N:鷹峰が「古九谷」をつくったのは京都ですか? 加賀ですか?

私:どちらでもだろう。

N:鷹峰は利政人脈ですか? それとも利常人脈ですか?

私:利政から利常へと次第に人脈の交代が進んだ。後水尾天皇寛永の文化サロンで利常は大きな存在となっていく。

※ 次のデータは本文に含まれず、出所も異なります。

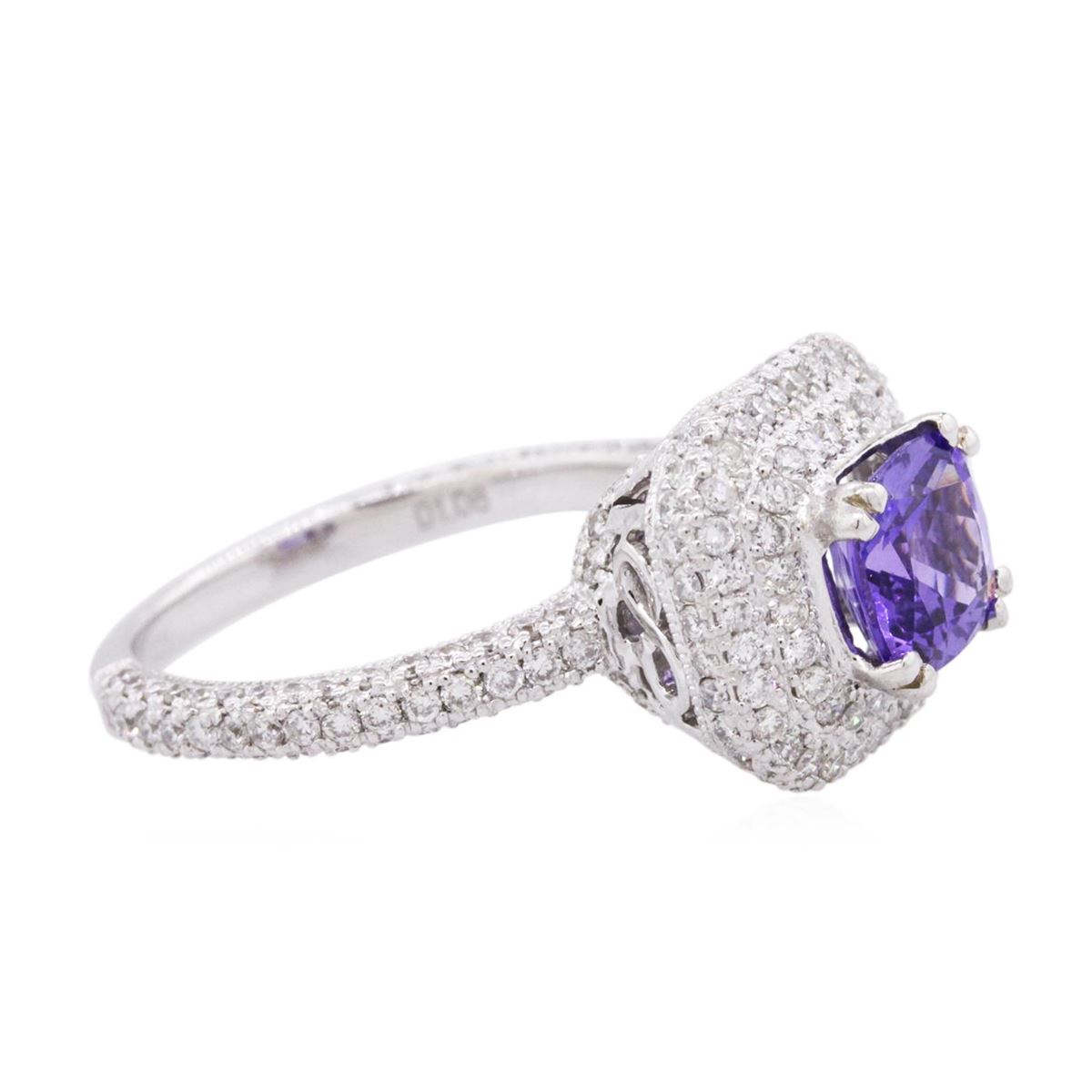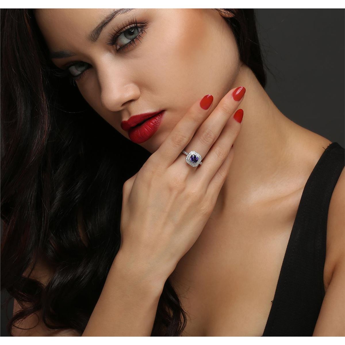 One electronically tested 18KT white gold ladies cast tanzanite and diamond ring. The featured tanzanite is set within a tiered diamond bezel supported by diamond set shoulders, completed by a two millimeter wide band. Bright polish finish with milgrain detailing. Trademark is HANA. Identified with markings of "18K". Condition is new, good workmanship. Containing: One prong set square cushion brilliant cut natural tanzanite, measuring 6.45 x 6.40 x 4.10mm, 8% bulge factor, approximate weight of 1.44ct., clarity is eye clean, type I, medium dark, very slightly grayish, bluish violet color, (GIA bV 6/3), cut is good. Transmitting light with no distortion, transparent. Graded in the setting. Tanzanite is a very rare gemstone that is only found in the country of Tanzania. Originally discovered in 1967. Tiffany & Company, named the stone Tanzanite. It is found in the Usumburu Mountains that border the Umba Valley of northern Tanzania. Tanzanite occurs in gray, brown, violet, blue, reddish-purple, & green. The gem is interesting because of its exceptional pleochroism. Rotated in different directions a tanzanite will exhibit multiple changes of color. Tanzanite has a low tolerance to ultrasonic cleaning, and should not be cleaned using this method. One Hundred Ninety-Four prong set round brilliant cut diamonds, measuring 1.20 - 1.10 x 0.69mm (depth est.) approximate total weight of 194 Stones = 1.08ct. Graded in the setting. Clarity: SI-2 to I-2. Color: H - J. Total Weight of Colored Stones 1.44ct. Total Weight of Diamonds 1.08ct. Total Weight of Ring 4.98 grams. AIG Appraised at $7,705.00.
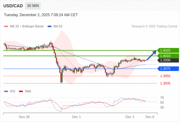 在 1.3975 之上,看涨,目标价位为 1.4010 ,然后为 1.4025 。

N:利常は天皇の義兄であり、親王の義父でしたものね。

私:では「古九谷」の祖(1期「古九谷」)を鷹峰とするその二つの根拠を示そう。一つは青木木米を京都から招聘していること。なぜ京都からなのか? もう一つは「再興九谷の雄」吉田屋が「古九谷」に挑むも……。なぜ吉田屋は「古九谷」を再興できなかったのか? それを語ることで鷹峰が「古九谷」の祖だと証明しよう。

N:なぜ京都から名工招請する必要があったのですか?

私:「古九谷」を再興するときに、加賀藩は陶工を2人招聘する。1人は青木木米。絵師で京焼の当代切っての名工だ。もう1人は本多貞吉。肥前島原藩出身で木米の弟子だ。

N:いつごろのことですか?

私:1807年、古九谷廃窯から100~150年後のこと。人

N:「古九谷」の技術はもうなくなっていたのですか?

私:そうだね。木米招聘は「絵付(の技術)は京にあり」と雄弁に物語っていないか? しかし、光悦(鷹峰)は前田の知行を食む。彼らは加賀藩士の家系だ。彼らが「古九谷」をつくるのは、きわめて当たり前のことだ。